= TRY IT =
From the material below, please set down exactly the lines starting with the one with "Stunning vintage cushion" and going on through the one with "The Uppababy CRUZ", without a single picture.

= MATERIAL PROVIDED =
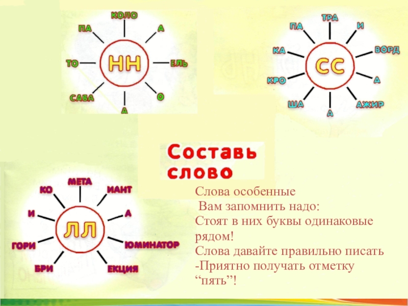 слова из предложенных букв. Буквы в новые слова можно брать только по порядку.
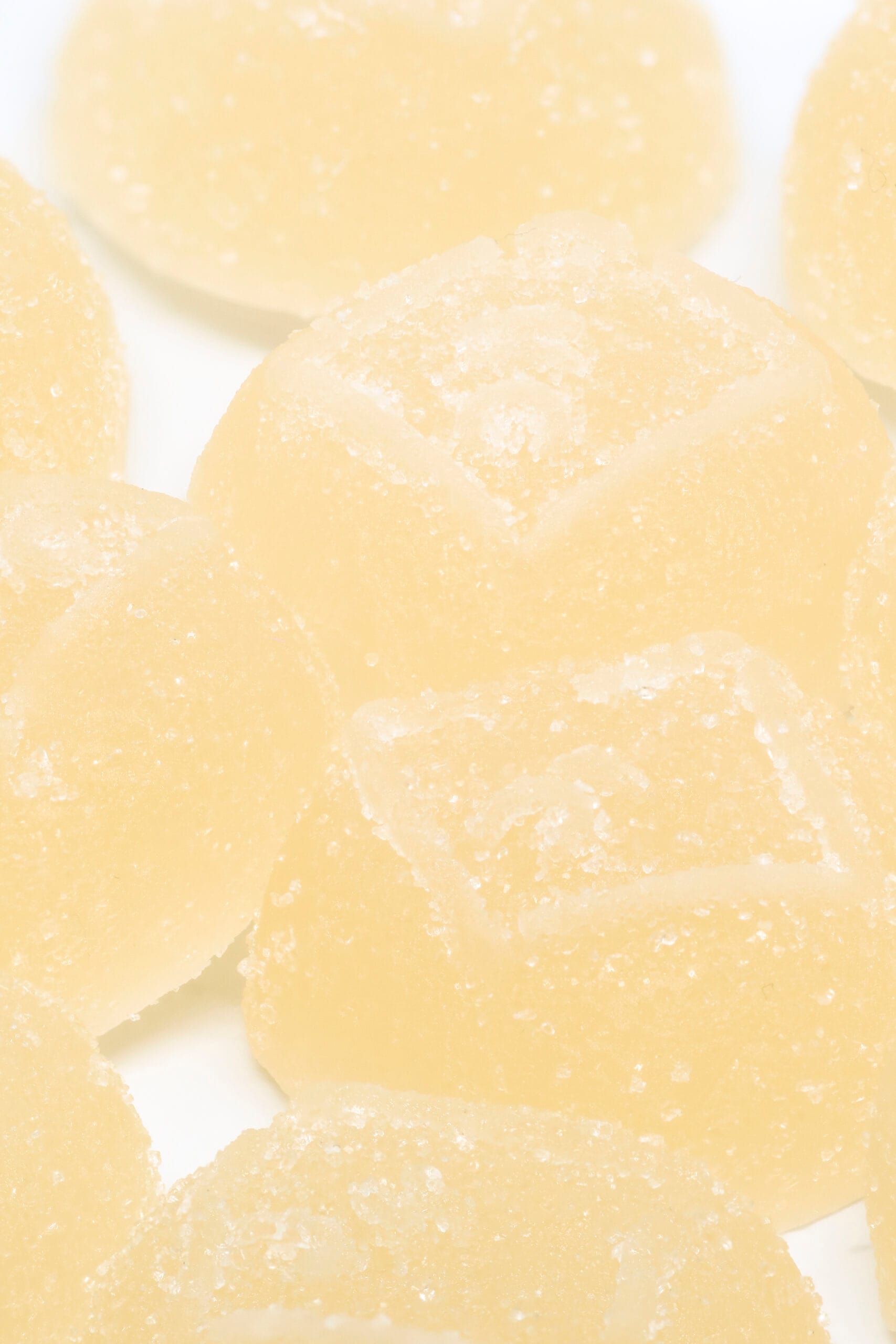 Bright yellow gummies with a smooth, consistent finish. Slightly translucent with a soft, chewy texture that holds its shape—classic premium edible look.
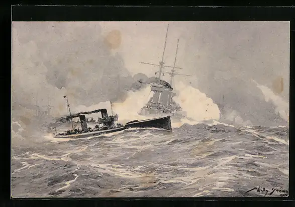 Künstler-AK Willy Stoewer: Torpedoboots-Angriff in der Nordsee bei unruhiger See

---

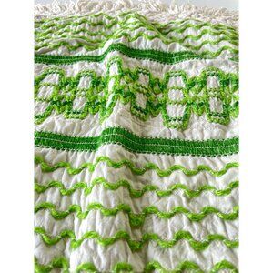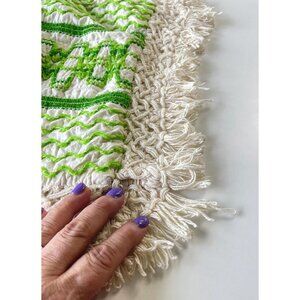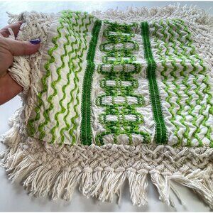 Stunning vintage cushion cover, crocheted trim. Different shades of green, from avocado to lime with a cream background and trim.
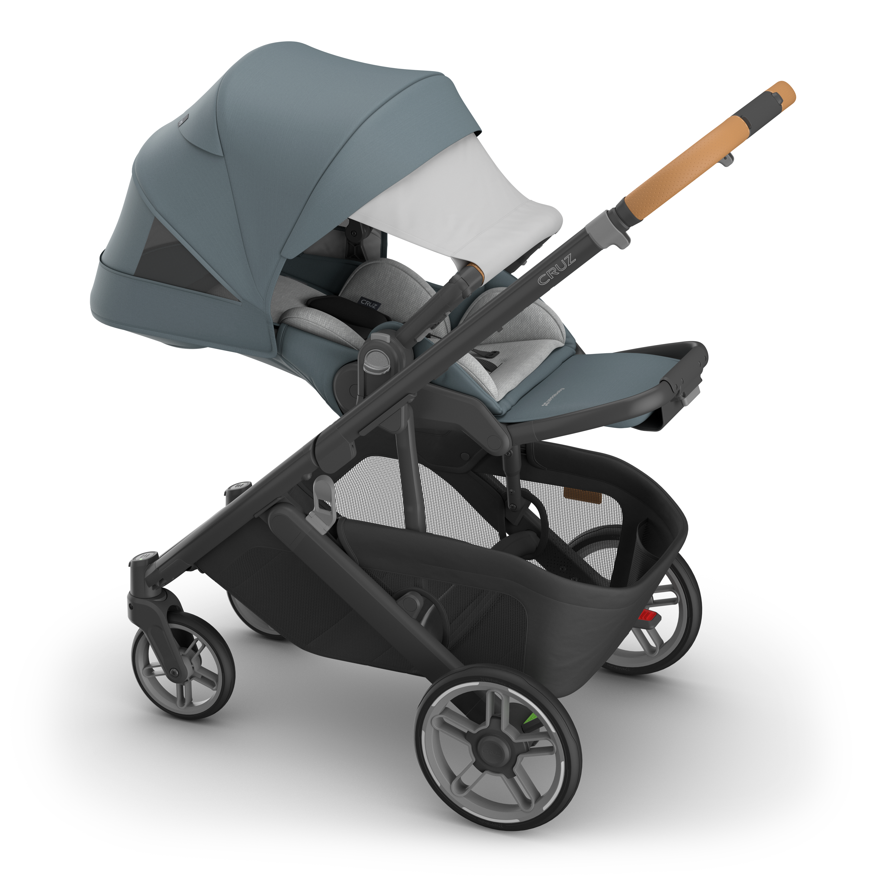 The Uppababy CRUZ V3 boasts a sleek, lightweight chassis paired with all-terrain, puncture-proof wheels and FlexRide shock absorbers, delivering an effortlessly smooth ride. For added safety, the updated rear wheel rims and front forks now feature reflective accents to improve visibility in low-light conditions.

= THE ANSWER =
 Stunning vintage cushion cover, crocheted trim. Different shades of green, from avocado to lime with a cream background and trim.
 The Uppababy CRUZ V3 boasts a sleek, lightweight chassis paired with all-terrain, puncture-proof wheels and FlexRide shock absorbers, delivering an effortlessly smooth ride. For added safety, the updated rear wheel rims and front forks now feature reflective accents to improve visibility in low-light conditions.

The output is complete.